§ **Task to complete**: The listing below begins with the first line you should copy; stop after the line containing "Baofeng walkie talkie", and drop every picture.

§ **Data excerpt**:
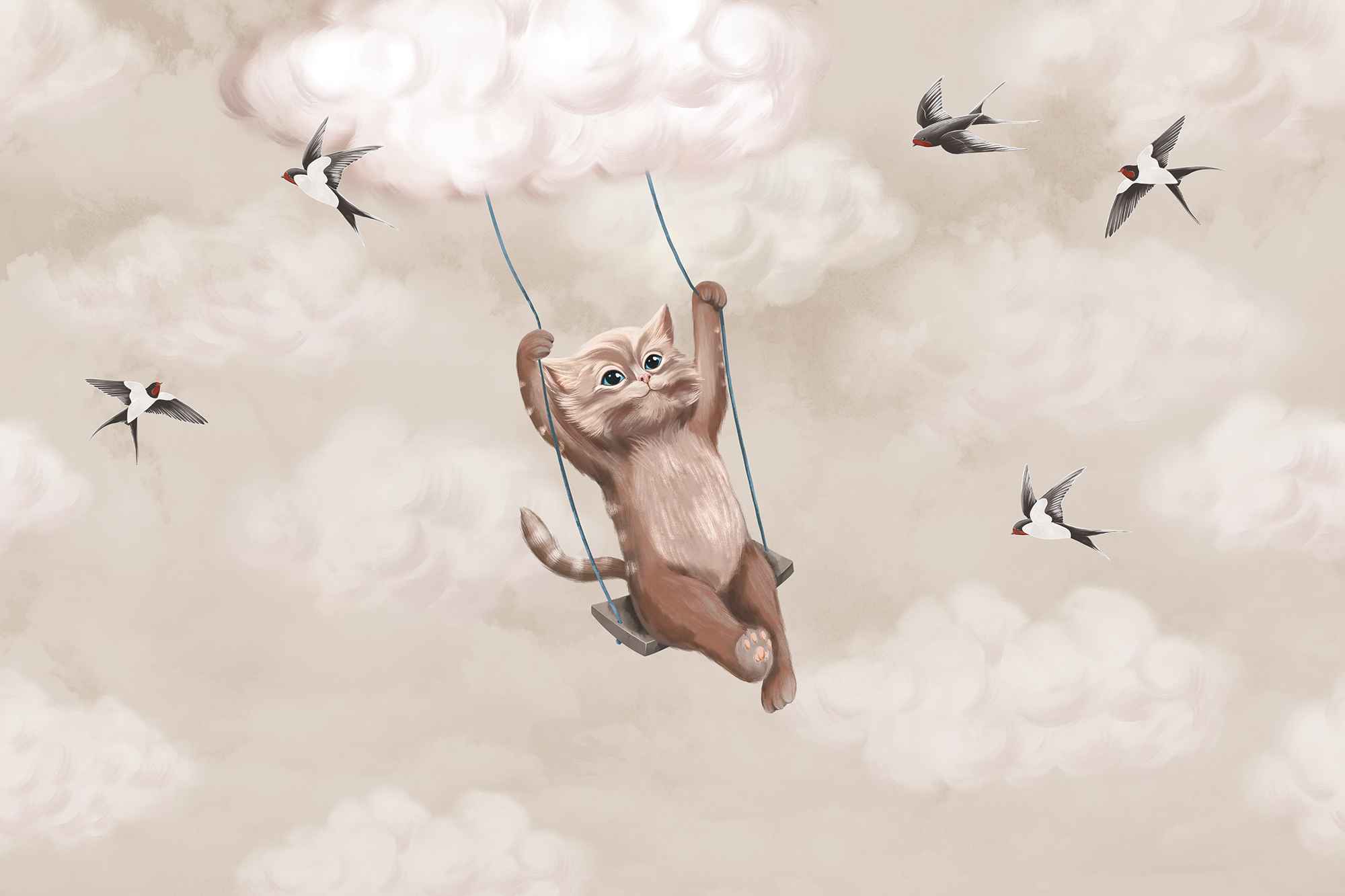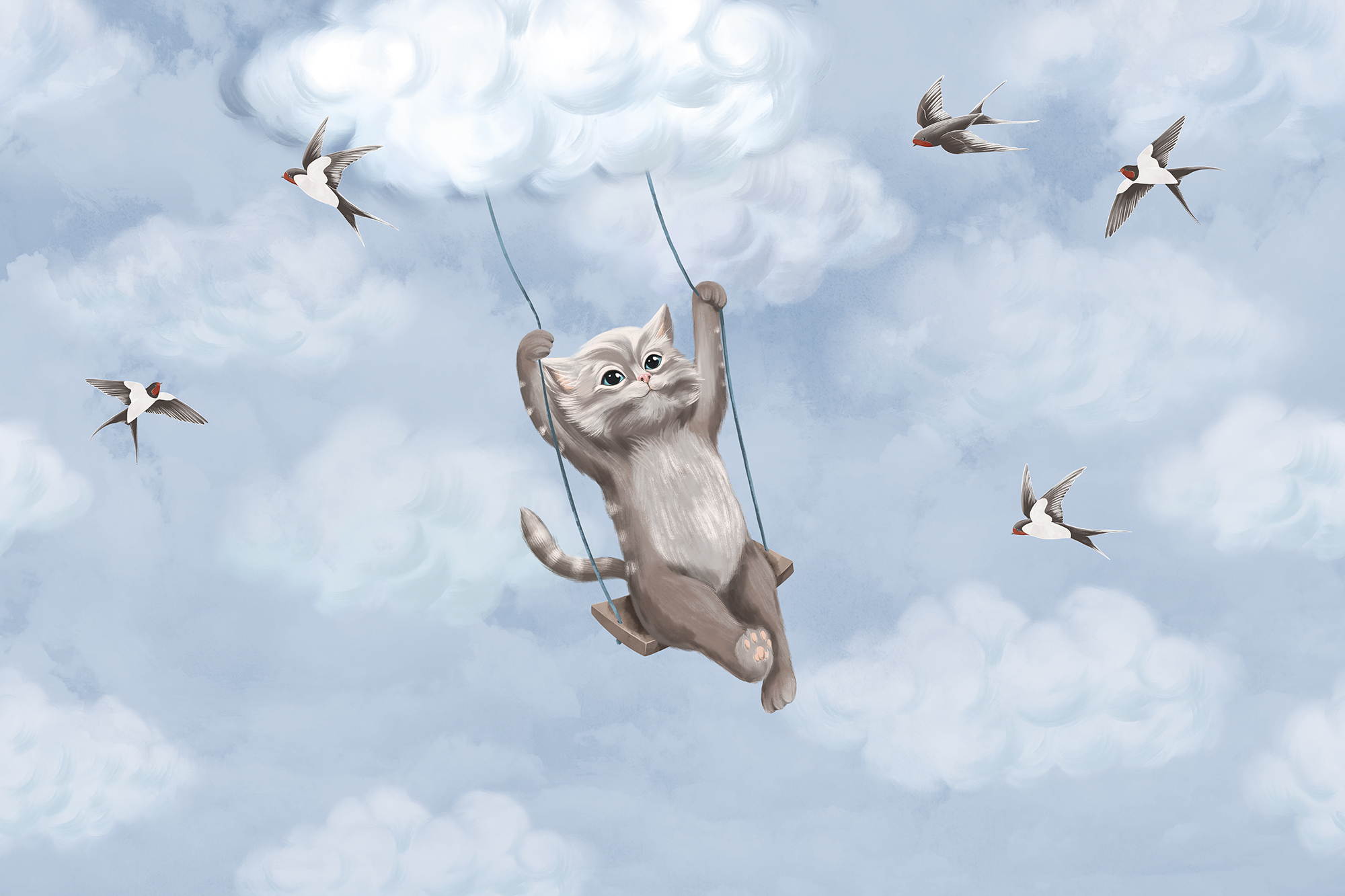 Котик на качелях
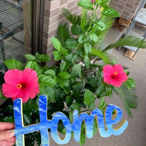 こんにちは☺️どーしても3個一緒に咲いてる🌺所を撮りたくて待ってたけどこの気温と天気だと無理そうなので2個の状態で諦めました😂💦 思ったより雨も降らないで良かったけど ニュースを見てて心が痛くて痛くて SNS全部更新出来なくて遅くなっちゃったけど 植物の成長は止められないので残しておくね📸 やっぱりゆうは家好きです☺️ なのでこのHOMEのプレートお気に入りなの笑☺️ それじゃあハイビスカス🌺は今日はこれでおしまいです☺️ また夜におやすみなさいしに来ます☺️ #ハイビスカス#🌺#木製アート#塗装#ソテツ#蘇鉄
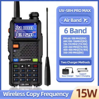 Baofeng walkie talkie UV5RH 15W, six band wireless replication frequency, 999CH, USB transceiver, HAM, , 50KM
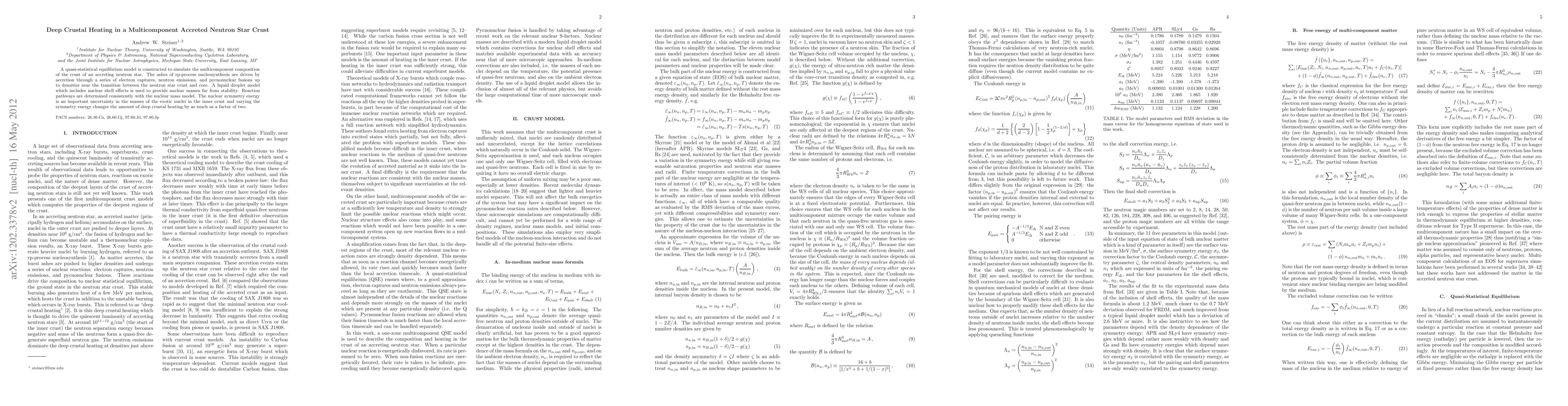 This paper models the deep crustal heating in an accreting neutron star using a quasi-statistical equilibrium approach, focusing on the multicomponent composition and the effects of rp-process nucleosynthesis. The study highlights the significant impact of nuclear symmetry energy on the heating, which can vary by a factor of two.

§ **Result**:
 Котик на качелях
 こんにちは☺️どーしても3個一緒に咲いてる🌺所を撮りたくて待ってたけどこの気温と天気だと無理そうなので2個の状態で諦めました😂💦 思ったより雨も降らないで良かったけど ニュースを見てて心が痛くて痛くて SNS全部更新出来なくて遅くなっちゃったけど 植物の成長は止められないので残しておくね📸 やっぱりゆうは家好きです☺️ なのでこのHOMEのプレートお気に入りなの笑☺️ それじゃあハイビスカス🌺は今日はこれでおしまいです☺️ また夜におやすみなさいしに来ます☺️ #ハイビスカス#🌺#木製アート#塗装#ソテツ#蘇鉄
 Baofeng walkie talkie UV5RH 15W, six band wireless replication frequency, 999CH, USB transceiver, HAM, , 50KM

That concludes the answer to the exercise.